Ketua Umum FMP 2025, Benyamin Mbo’oh mengatakan, total peserta tahun ini mencapai sekitar 220 orang. Kehadiran peserta ABK, menurutnya, menjadi bukti bahwa setiap anak memiliki kesempatan yang sama untuk mengekspresikan diri dan cinta kepada Indonesia.
“Para peserta yang tampil bisa disebut pahlawan masa kini. Mereka berjuang mengalahkan rasa minder, rasa tidak percaya diri, bahkan keterbatasan mereka. Khususnya sahabat-sahabat ABK, keberanian mereka tampil di atas panggung adalah bentuk perjuangan dalam memaknai kemerdekaan,” kata Ben.
Ia menambahkan, keterlibatan penyandang disabilitas bukan hal baru dalam Festival Merah Putih. Setiap tahun, pihaknya selalu melibatkan mereka dalam berbagai kegiatan, mulai dari fashion show hingga wisata kebangsaan ke Museum Kepresidenan RI Balai Kirti serta Wisata Perjuangan.
“Intinya, kami ingin memberikan ruang yang sama kepada seluruh anak bangsa, termasuk teman-teman disabilitas. Mereka juga punya hak untuk mengekspresikan rasa cinta pada Indonesia,” tegas Ben.
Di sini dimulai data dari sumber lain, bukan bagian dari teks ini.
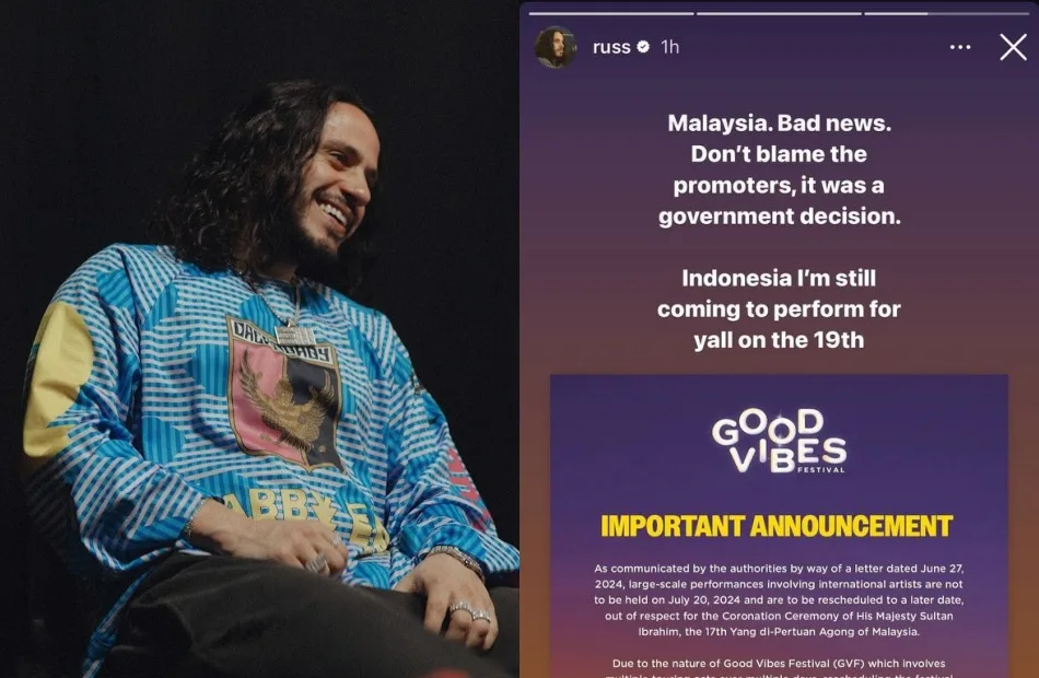 American singer-rapper Russ, who was supposed to perform on Day 1 of GVF, took the time to let his fans know that his upcoming performance in Malaysia is cancelled. Taking to Instagram, the “HANDSOMER” artist urged his disappointed audience not to blame the event’s organisers and promoters as the cancellation was out of their control.

Tahun ini, konsep lomba berbeda dibanding tahun sebelumnya. Jika pada 2024 peserta menampilkan busana adat Nusantara, maka tahun ini tema yang diangkat adalah busana pejuang Nusantara. Perbedaan juga terlihat dari panggung yang digunakan. Bila sebelumnya hanya di lantai 2 Botani Square, tahun ini peserta bisa berjalan di lantai 1 dan 2, termasuk area koridor.
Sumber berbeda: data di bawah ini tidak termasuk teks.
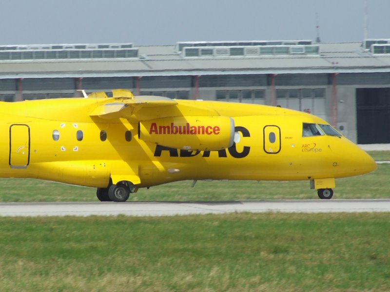 Ein ADAC Luftambulanz Jet (Dornier Do-38) auf dem Rollfeld in Stuttgart (STR) am 29.08.2008. Im Hintergrund ist der Stuttgarter Fernsehturm bei Degerloch/ Waldau zu sehen. Andreas Mack
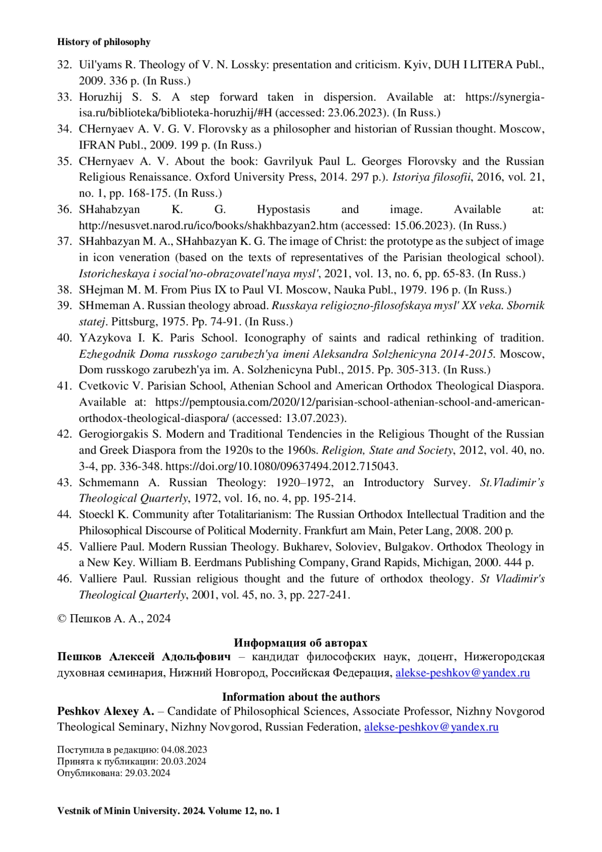 43. Schmemann A. Russian Theology: 1920-1972, an Introductory Survey // St.Vladimir’s Theological Quarterly. 1972. Vol. 16, no. 4. Pp. 195-214.

“Khusus peserta disabilitas, kami buat sedikit berbeda. Kalau peserta lain tampil di koridor, sahabat ABK langsung catwalk di panggung utama. Ini bentuk penyesuaian karena kami menyadari keterbatasan mereka. Meski begitu, mereka tetap masuk dalam perlombaan dan mendapat ruang yang sama untuk menunjukkan yang terbaik,” jelas Ben.
Dalam lomba ini, dewan juri terdiri dari pegiat fashion Bogor, model profesional, hingga juri tingkat nasional. Selain juara 1, 2, dan 3, panitia juga memberikan penghargaan best performance dan kostum terbaik. Tahun ini, Ibu Wali Kota Bogor juga memberikan apresiasi khusus berupa piala tetap Ibu Wali Kota.
“Busana yang dinilai adalah yang bernuansa pahlawan, sesuai tema lomba. Kita ingin menyalakan kembali semangat perjuangan di hati generasi muda. Perjuangan hari ini tidak lagi di medan perang, melainkan di berbagai aspek kehidupan. Itulah makna kemerdekaan yang ingin kita tanamkan,” pungkas Ben.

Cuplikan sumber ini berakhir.